» **Exercise**
Repeat verbatim what the listing holds, but not its pictures.

» **Collected data**
- - -
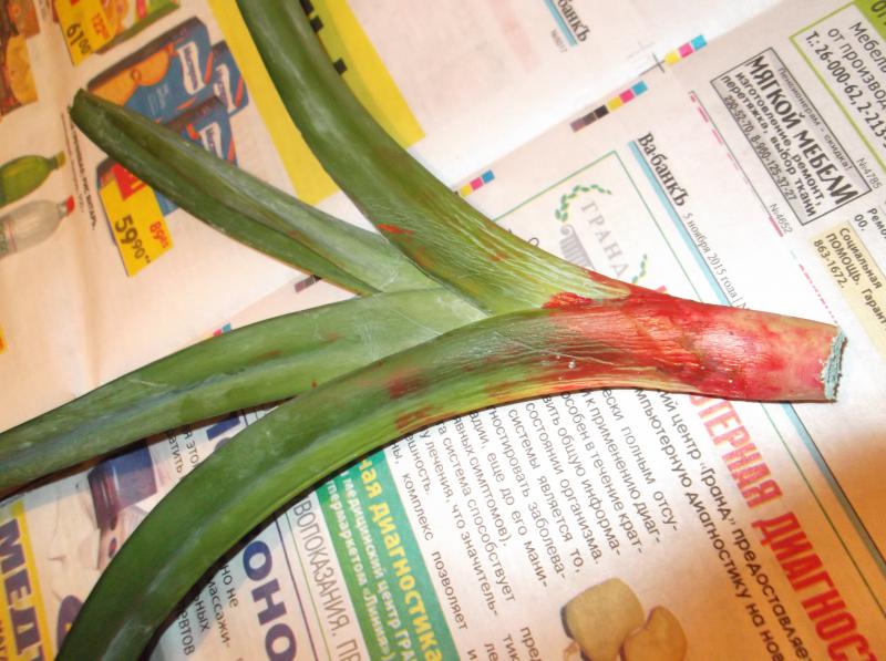 Не удержалась, срезала аккуратно все желтеющие листья вместе с покрывными чешуйками.
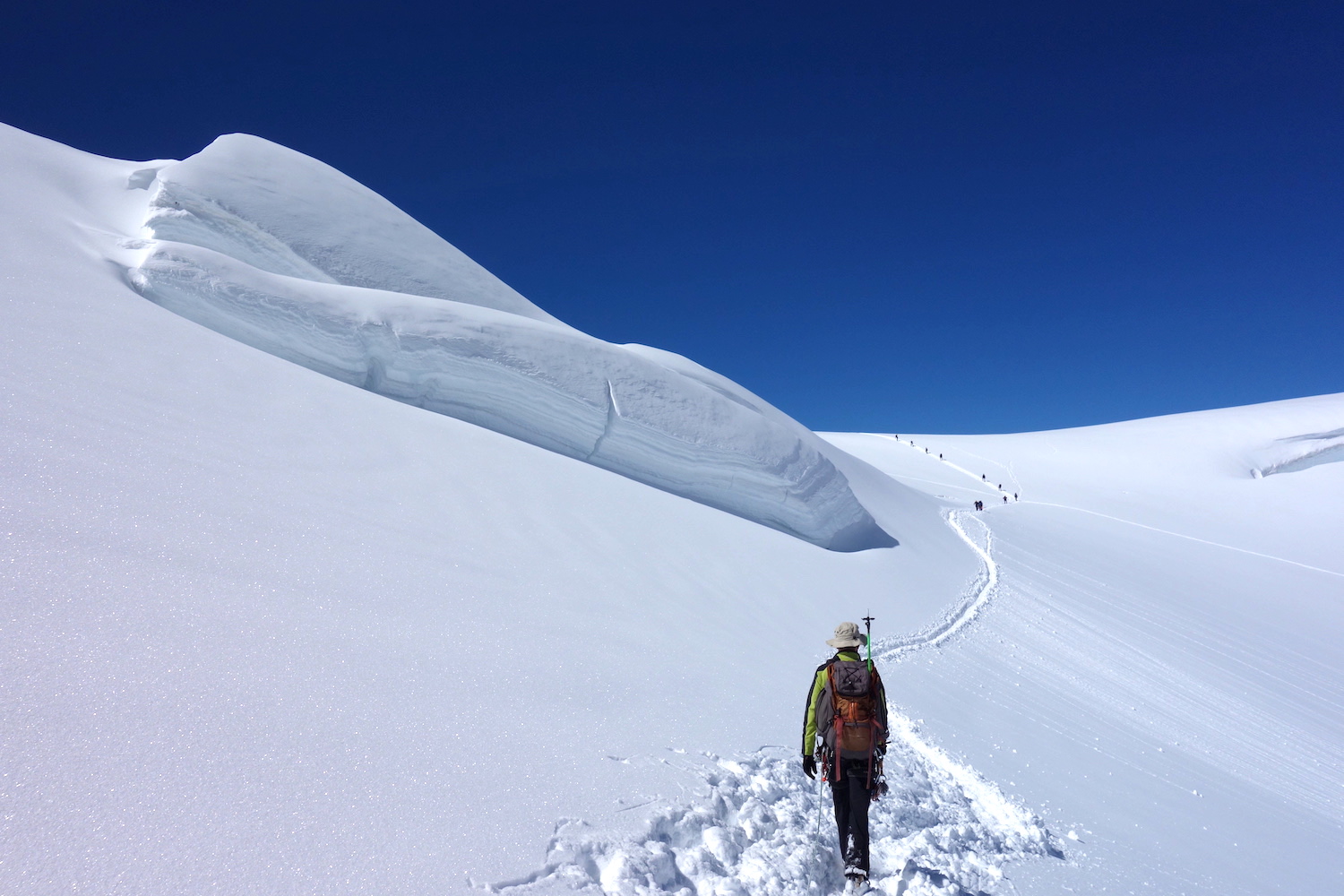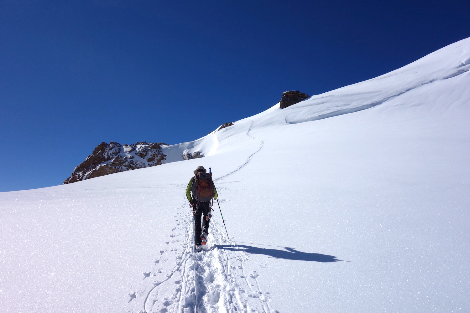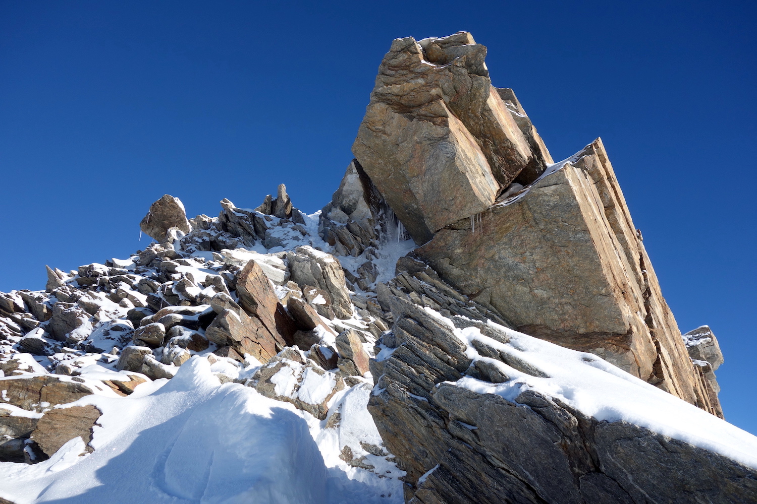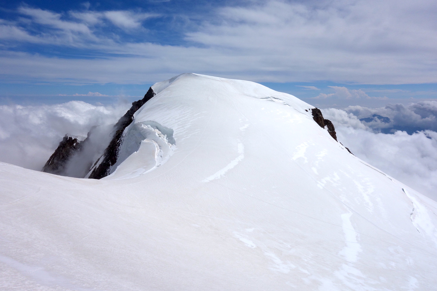 La Parrotspitze est l’un des reliefs les plus proéminents du Mont Rose, trônant à l’ouest de la Signalkuppe. Plus sauvage que les trois monts évoqués précédemment, elle est pourtant plus esthétique sur certains points. Premièrement, sa forme pyramidale vue du nord attire l’œil. Du côté sud, elle apparait comme une paroi rocheuse totalement verticale. Deuxièmement, son ascension s’avère plus intéressante sur le plan technique. En effet, elle offre une magnifique traversée d’arête, pouvant être réalisée dans les deux sens. Peu difficile, le fil neigeux est parfois étroit & nécessite concentration, afin d’éviter un éventuel faux pas. La Parrotspitze doit son nom au célèbre physicien & médecin allemand: Friedrich Parrot, premier vainqueur du Mont Ararat.
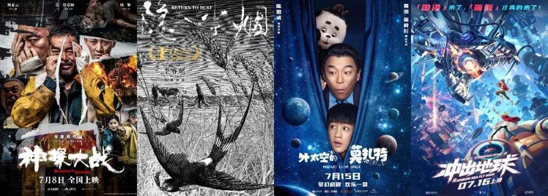 仅7月,韦家辉执导,刘青云、蔡卓妍主演的《神探大战》、「三大」主竞赛入围影片《隐入尘烟》、奇幻喜剧《外太空的莫扎特》、「中国神话」系列新作《冲出地球》、香港七大导演共同执导的《七人乐队》等均已定档。
- - -
» **Your response**
 Не удержалась, срезала аккуратно все желтеющие листья вместе с покрывными чешуйками.
 La Parrotspitze est l’un des reliefs les plus proéminents du Mont Rose, trônant à l’ouest de la Signalkuppe. Plus sauvage que les trois monts évoqués précédemment, elle est pourtant plus esthétique sur certains points. Premièrement, sa forme pyramidale vue du nord attire l’œil. Du côté sud, elle apparait comme une paroi rocheuse totalement verticale. Deuxièmement, son ascension s’avère plus intéressante sur le plan technique. En effet, elle offre une magnifique traversée d’arête, pouvant être réalisée dans les deux sens. Peu difficile, le fil neigeux est parfois étroit & nécessite concentration, afin d’éviter un éventuel faux pas. La Parrotspitze doit son nom au célèbre physicien & médecin allemand: Friedrich Parrot, premier vainqueur du Mont Ararat.
 仅7月,韦家辉执导,刘青云、蔡卓妍主演的《神探大战》、「三大」主竞赛入围影片《隐入尘烟》、奇幻喜剧《外太空的莫扎特》、「中国神话」系列新作《冲出地球》、香港七大导演共同执导的《七人乐队》等均已定档。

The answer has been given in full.